Venerdì 13 giugno l’appello in aula del capo dei Casalesi, Antonio Iovine: boss, fate come me, pentitevi. Il lunedì successivo l’annuncio che un altro boss di peso ha scelto di collaborare con la giustizia. Si chiama Rosario Pariante ed è un nome di spicco della camorra napoletana: vanta 30 anni di militanza nel clan del padrino Paolo Di Lauro come collettore delle tangenti di imprenditori e commercianti dell’area flegrea e come finanziatore del traffico di stupefacenti importati dalla Spagna, dalla Turchia e dall’Olanda.
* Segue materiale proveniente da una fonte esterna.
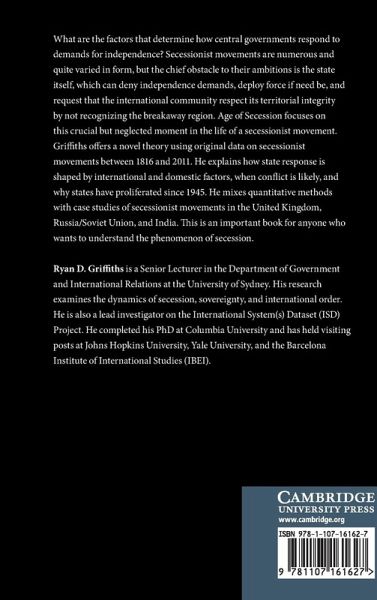 Age of Secession focuses on recognition, a crucial moment in the life of a secessionist movement. Griffiths offers a novel analysis of secessionist movements between 1816 and 2011, explaining how state response is shaped by international and domestic factors, when conflict is likely, and why states have proliferated since 1945.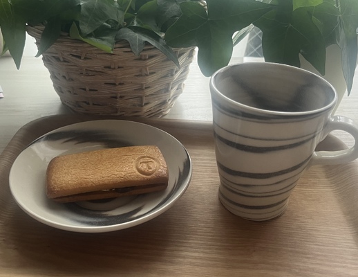 純白の半磁器粘土に、オリジナルの半黒磁器粘土を練りこんだ、手作りでしか作れない世界で一つだけのコーヒーカップ。

E’ stato uno dei protagonisti della faida di Scampia.

Tra l’appello di Iovine e la decisione di Pariante non c’è alcun nesso. Il boss napoletano, in carcere dal 2007 e con tre anni di carcere duro alle spalle, collabora già da un paio di settimane. La notizia del deposito dei primi tre verbali riassuntivi è stata rivelata dal pm Stefania Castaldi Dda partenopea nel corso dell’udienza preliminare del processo per il duplice omicidio di Fulvio Montanino e Claudio Salierno, nel quale Pariante è imputato. Montanino e Salierno erano considerati appartenenti al gruppo militare di Cosimo Di Lauro, il figlio del boss, contro il quale si scatenarono gli anziani della cosca. Fu la faida, 70 cadaveri sul campo di battaglia di Scampia nell’anno del terrore, il 2004.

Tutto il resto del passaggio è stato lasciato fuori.